_Work task_.
The line with "抽象边缘捆绑技术将具有相似属" marks the start; please set it down along with all later lines through the end of the material, exactly, leaving out pictures.

_Material supplied_.
· · · ·

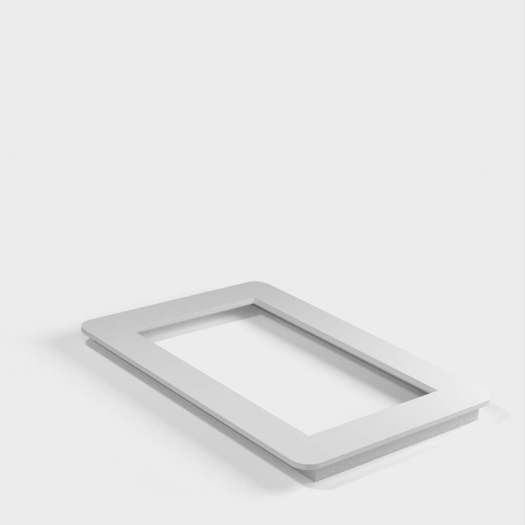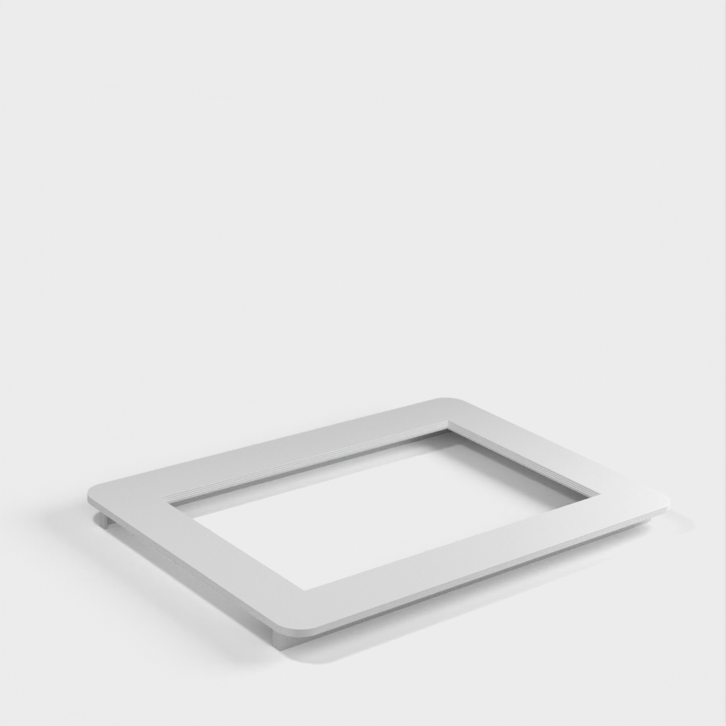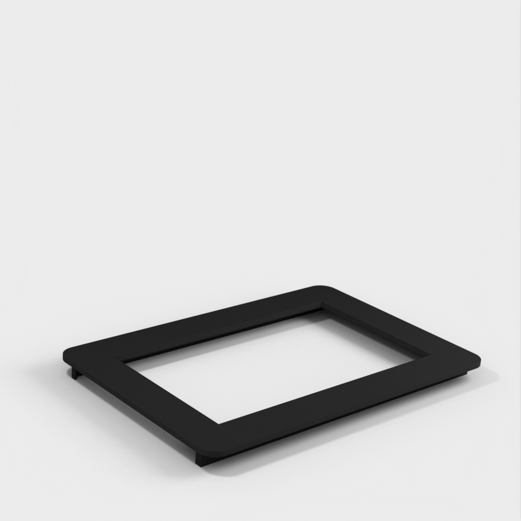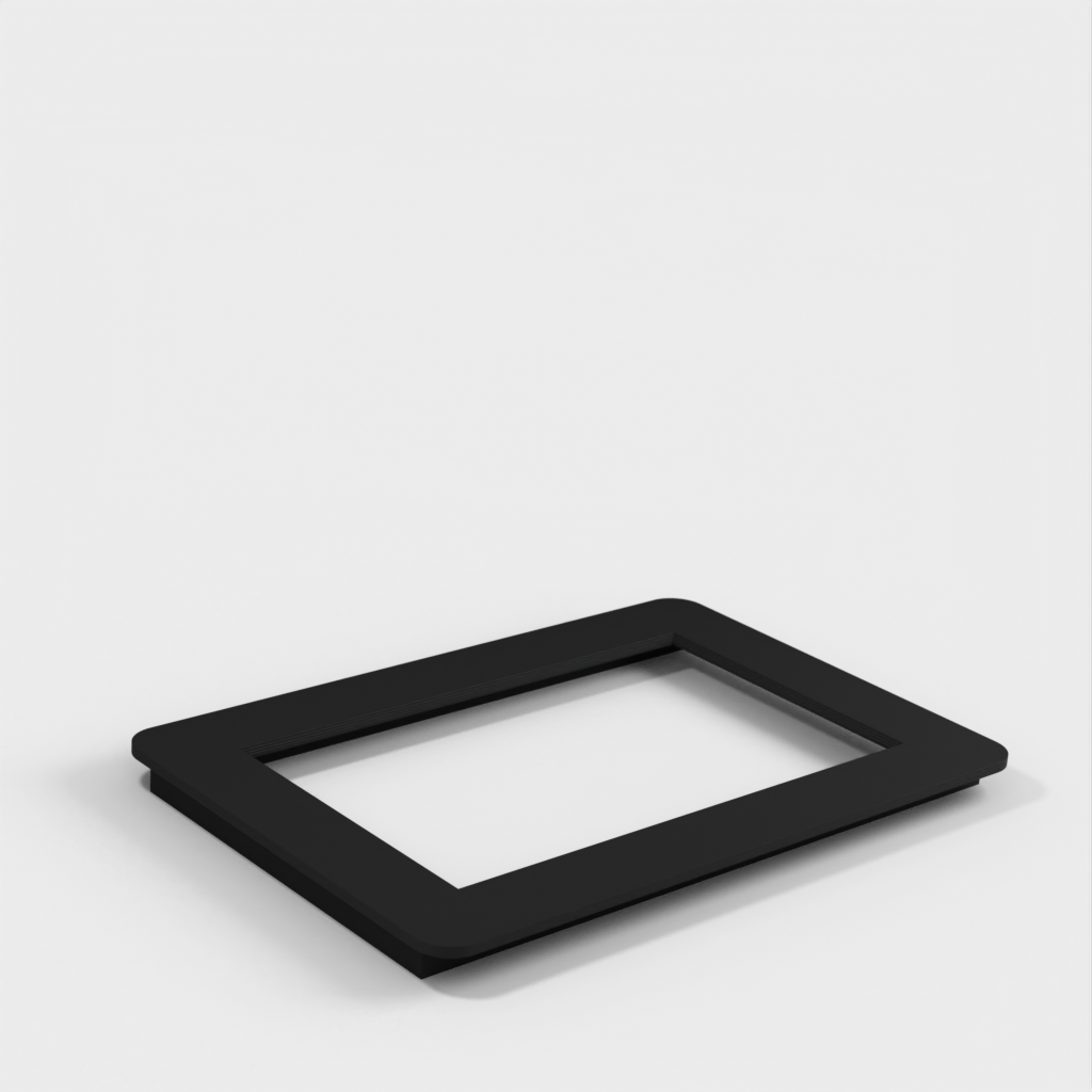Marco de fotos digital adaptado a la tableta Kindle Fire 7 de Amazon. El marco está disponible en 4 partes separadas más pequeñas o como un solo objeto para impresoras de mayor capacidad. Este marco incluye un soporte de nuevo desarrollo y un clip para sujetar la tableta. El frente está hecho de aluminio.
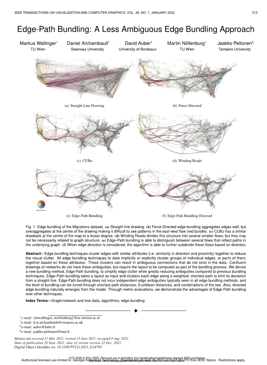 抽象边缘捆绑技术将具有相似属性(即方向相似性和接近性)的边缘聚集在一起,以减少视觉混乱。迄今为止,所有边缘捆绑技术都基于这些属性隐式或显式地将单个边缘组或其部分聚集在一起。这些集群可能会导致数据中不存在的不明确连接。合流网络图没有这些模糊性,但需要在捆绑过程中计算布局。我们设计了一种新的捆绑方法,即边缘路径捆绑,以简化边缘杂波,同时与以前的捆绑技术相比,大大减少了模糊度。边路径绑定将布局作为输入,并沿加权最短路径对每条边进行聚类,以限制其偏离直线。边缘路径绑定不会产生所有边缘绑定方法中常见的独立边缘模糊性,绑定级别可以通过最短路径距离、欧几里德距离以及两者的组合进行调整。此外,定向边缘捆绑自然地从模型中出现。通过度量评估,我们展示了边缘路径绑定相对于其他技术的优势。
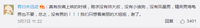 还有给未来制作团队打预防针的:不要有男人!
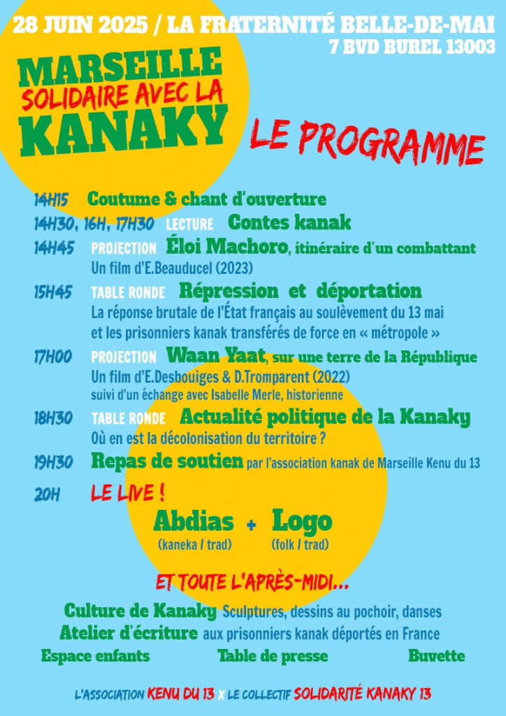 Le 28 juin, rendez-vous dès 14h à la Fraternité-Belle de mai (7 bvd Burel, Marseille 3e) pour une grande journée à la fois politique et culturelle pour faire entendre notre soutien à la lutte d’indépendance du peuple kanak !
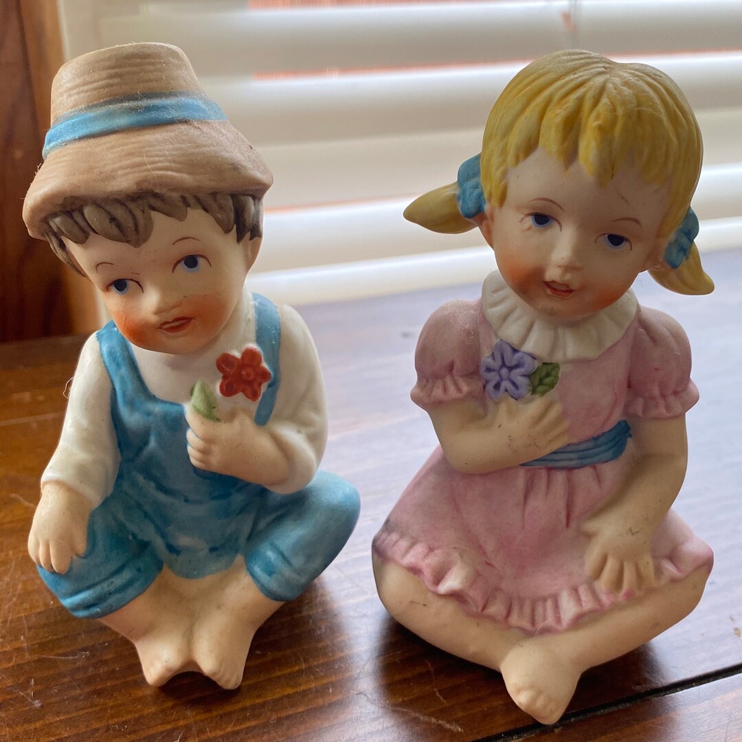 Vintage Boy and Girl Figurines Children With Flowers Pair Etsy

· · · ·

_Your response_.
 抽象边缘捆绑技术将具有相似属性(即方向相似性和接近性)的边缘聚集在一起,以减少视觉混乱。迄今为止,所有边缘捆绑技术都基于这些属性隐式或显式地将单个边缘组或其部分聚集在一起。这些集群可能会导致数据中不存在的不明确连接。合流网络图没有这些模糊性,但需要在捆绑过程中计算布局。我们设计了一种新的捆绑方法,即边缘路径捆绑,以简化边缘杂波,同时与以前的捆绑技术相比,大大减少了模糊度。边路径绑定将布局作为输入,并沿加权最短路径对每条边进行聚类,以限制其偏离直线。边缘路径绑定不会产生所有边缘绑定方法中常见的独立边缘模糊性,绑定级别可以通过最短路径距离、欧几里德距离以及两者的组合进行调整。此外,定向边缘捆绑自然地从模型中出现。通过度量评估,我们展示了边缘路径绑定相对于其他技术的优势。
 还有给未来制作团队打预防针的:不要有男人!
 Le 28 juin, rendez-vous dès 14h à la Fraternité-Belle de mai (7 bvd Burel, Marseille 3e) pour une grande journée à la fois politique et culturelle pour faire entendre notre soutien à la lutte d’indépendance du peuple kanak !
 Vintage Boy and Girl Figurines Children With Flowers Pair Etsy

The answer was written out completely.